In another trial involving concurrent EGFR-TKI and thoracic radiotherapy as first-line treatment for stage IV NSCLC harboring EGFR mutations, only 10 patients were enrolled who experienced a median PFS of 13 months (95% CI: 4.9–21.1 months).27 In another study, 33 patients received local radiotherapy during EGFR-TKI treatment, with the median duration of TKI administration being 14.2 months. The median duration regarding the administration of EGFR-TKI prior to radiotherapy was 5.4 months (range: 0.3–47.3 months).43 In our study, we found that there was a tendency for patients to receive more benefits if local radiotherapy began within 24 weeks after the start of EGFR-TKI, as compared to those who began after more than 24 weeks. This could be the synergistic effect, as EGFR-TKI displays its maximum activity after 4 months of drug use.28

There were several limitations in this study. First, this was a retrospective, single-institution study. Selection bias and imbalances in baseline characters would be inevitably present despite our attempt to match them at every aspect. Herein, we have matched the performance status and metastatic burden, while also having no significant differences in other baseline characteristics among both groups. Second, not all patients with disease control through EGFR-TKIs received local radiotherapy to the primary tumor. In the control group, we excluded patients with primary resistance to EGFR-TKI and the PFS within them was in line with expectations. In the radiotherapy group, the median time to prescribe radiotherapy was 6.6 months, with the majority of them receiving radiotherapy within 10 months of EGFR-TKI treatment. Although selection bias cannot be completely excluded in this retrospective study, we suggest that local therapy to primary tumor may account for, at least in part, the superior outcome of the radiotherapy group. Third, the sample size was not large enough even when we used the control cohort to make the effect of local radiotherapy clearer.

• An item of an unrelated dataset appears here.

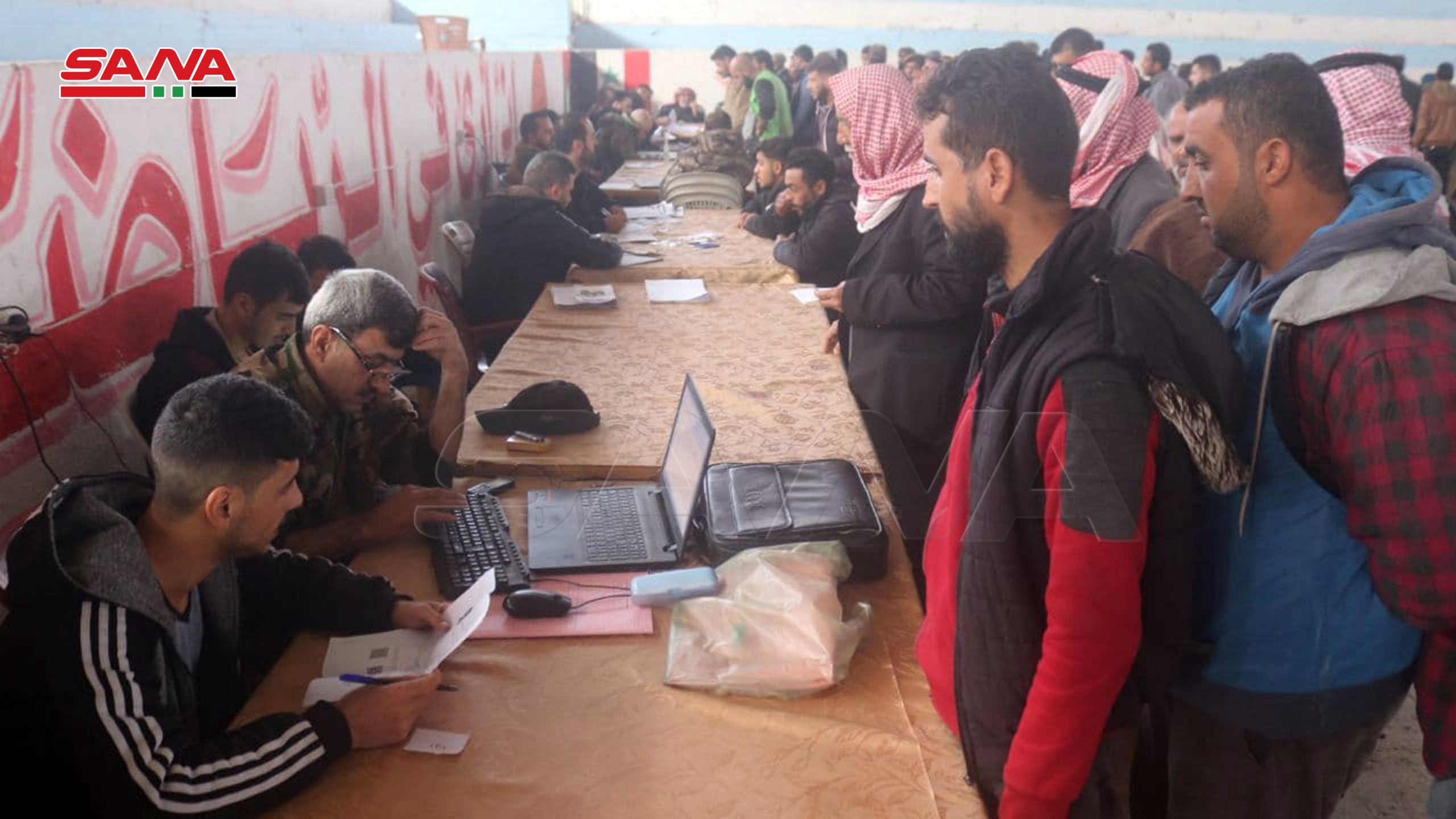 Deir Ezzor-SANA / Le processus de la régularisation de la situation des civils recherchés, des déserteurs militaires et des personnes qui ont échappé aux deux services militaire et de réserve des habitants du gouvernorat de Deir Ezzor s’est poursuivi pour le 6e jour consécutif.

In conclusion, radiotherapy at a curative dose to primary lung tumors after EGFR-TKI disease control is a feasible option for treatment naïve patients with advanced EGFR-mutant lung adenocarcinoma in both oligometastatic and polymetastatic cases, with significantly improved PFS and OS rates when compared with the control group. There is a trend towards achieving benefit if radiotherapy begins within 24 weeks after EGFR-TKI initiation. The side effect of radiation pneumonitis is considered tolerable for most patients. Future prospective clinical trials remain necessary in order to further evaluate these findings.